It just stops there, but it won't pop up the GUI. The GUI looks like this:

http://img243.imageshack.us/img243/2332/loginei.png

When just by running a jar file normally, it works. But when running a jar file to run another one, it won't.

loader class (main class):
http://pastebin.com/3tMnKtt5

Bot class:
http://pastebin.com/Wycu6hFK

ProgressChecker class:
http://pastebin.com/4mHgvj9a

PreLoader class:
http://pastebin.com/pRr0cAs9

Updated class:
http://pastebin.com/jw86VvVp

Unpack class:
http://pastebin.com/u9Jh2Qak

Terminate class:
http://pastebin.com/FwkRQ5rS

GameFrame class:
http://pastebin.com/p0phfHjv

GamePanel class:
http://pastebin.com/nffxBw3H

Sorry for the classes being so long and having so many, but I just can't seem to figure out why it won't load the GUI properly. Help is appreciated. Thanks.


----------



## liquid_vision (Apr 17, 2010)

I'm confused. Your loader class is the main class, and it extends JApplet.

This loader is contained within a loader jar, which is then used to load another jar.

In this second jar, what is the main class which starts the program up, and what syntax do you use to launch it?

Also, in your loader, you have 2 constructors, one default and one overloaded.

The only difference I can spot between them is that the overloaded one is passed a string array.
Other than that, it seems identical, and doesn't actually use the string array for anything.

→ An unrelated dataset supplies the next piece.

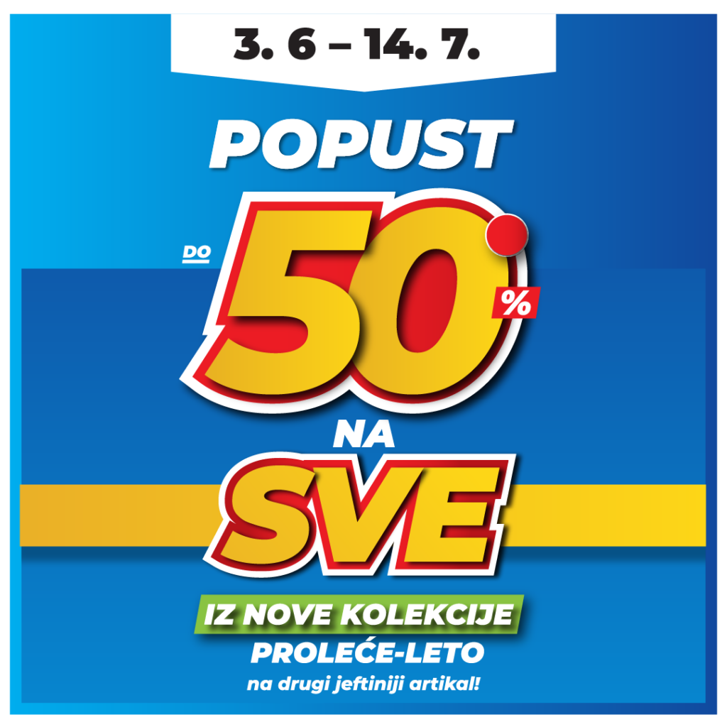 Očekuje te do 50% popusta na SVE iz nove kolekcije proleće/leto, na drugi jeftiniji artikal.

Is this something that has been overlooked, or have I missed the reason for doing this?

---------

In the section


 public final String findCacheDir() {
 String[] dir = {
 "c:/windows/", "c:/winnt/", "d:/windows/", "d:/winnt/", "e:/windows/", "e:/winnt/",
 "f:/windows/", "f:/winnt/", "c:/", "~/", "/tmp/", "", "c:/rscache", "/rscache"
 };
 String str = "ERcache_file_store_32";
 for (int i = 0; i < str.length(); i++) {

I presume the line

for (int i = 0; i < str.length(); i++) {

should read

for (int i = 0; i < dir.length(); i++) {

otherwise, you are stepping through each letter of "ERcache_file_store_32" rather than folder names.

-------

This section makes very little sense to me. You are opening a socket directly to a zip file, on port 704.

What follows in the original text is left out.